OpenAI’s ‘DALL-E’ Generates Images From Text Descriptions
Artificial intelligence has gotten very good at some things — it’s even approaching the capability of people when it comes to recognizing objects and generating text. What about art? OpenAI has devised a new neural network called DALL-E (it’s like Dali with a nod to beloved Pixar robot WALL-E). All you need to do is give DALL-E some instructions, and it can draw an image for you. Sometimes the renderings are little better than fingerpainting, but other times they’re startlingly accurate portrayals.
OpenAI has made news lately for its GPT neural networks, which are sometimes referred to as “fake news generators” because of how well they can make up lies to support the input text. GPT3 showed that large neural networks can complete complex linguistic tasks. The team wanted to see how well such an AI could move between text and images. Like GPT3, DALL-E supports “zero-shot reasoning,” allowing it to generate an answer from a description and cue without any additional training. Unlike GPT, DALL-E is a transformer language model that can accept both text and images as input. DALL-E doesn’t need precise values and instructions like a 3D rendering engine; its past training allows it to fill in the blanks to add details that aren’t stated in the request.

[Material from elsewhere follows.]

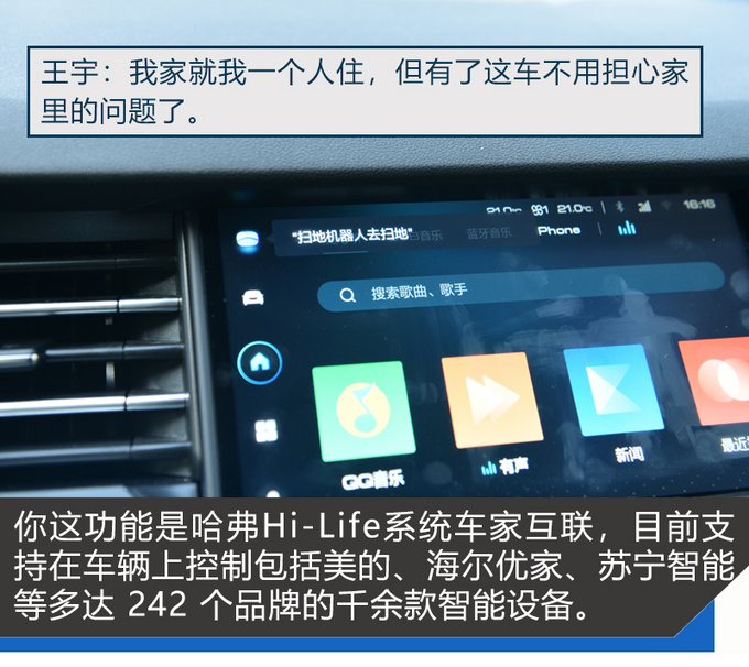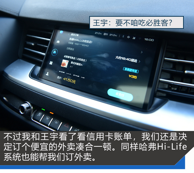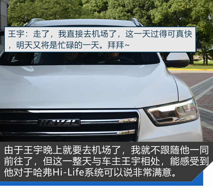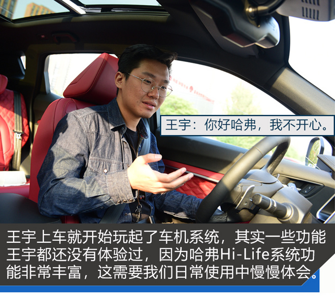 经过这一整天与全新哈弗H6的相处,虽然王宇在有些功能上的使用上还不是很熟练,但我认为他已经对全新哈弗H6非常满意了,看他与哈弗Hi-Life系统开玩笑的开心状态,我觉得这次推荐是值得的。而这套智能网联车机系统也确实做到了功能丰富且强大。几乎涵盖了一个人日常所碰到的绝大部分场景。而我们最终除了点外卖扫码缴费以外,再也没有拿出过手机,真真实实的替代了手机在车内的使用场景,其实这也是对行车安全的一种极大提升,我和王宇都认为全新哈弗H6绝对是同级别中功能丰富度最高的车型。从另一方面讲Hi-Life系统也引领了“智能网联新时代”,为车辆智能网联系统竖立了新的高度。

Case in point: See below for some baby penguins wearing Christmas sweaters and playing the guitar. You don’t need to say the penguin has a Santa hat — DALL-E just comes up with that detail on its own in several renderings.
DALL-E also has a better understanding of objects in context compared with other AI artists. For example, you can ask DALL-E for a picture of a phone or vacuum cleaner from a specified period of time, and it understands how those objects have changed. Well, at least generally. Some of the images will have buttons in the wrong place or a bizarre shape. But these are all rendered from scratch in the AI.
That whimsical streak helps DALL-E combine multiple concepts in fascinating ways. When asked to merge a snail and a harp, it comes up with some clever variations on the theme. With more straightforward instructions such as “draw an emoji of a lovestruck avocado,” you get some artful and rather adorable options that Unicode should look at adding to the official emoji list.
The team also showed that DALL-E can combine text instructions and a visual prompt. You can feed it an image and ask for a modification of that same image. For instance, you could show DALL-E a cat and ask for a sketch of the cat. You can also have DALL-E add sunglasses to the cat or make it a different color.
OpenAI has a page where you can play around with some of the more interesting input values. The model is still fairly limited, but this is just the start. OpenAI plans to study how DALL-E could impact the economy (add illustrators to the list of jobs threatened by AI) and the possibility for bias in the outputs.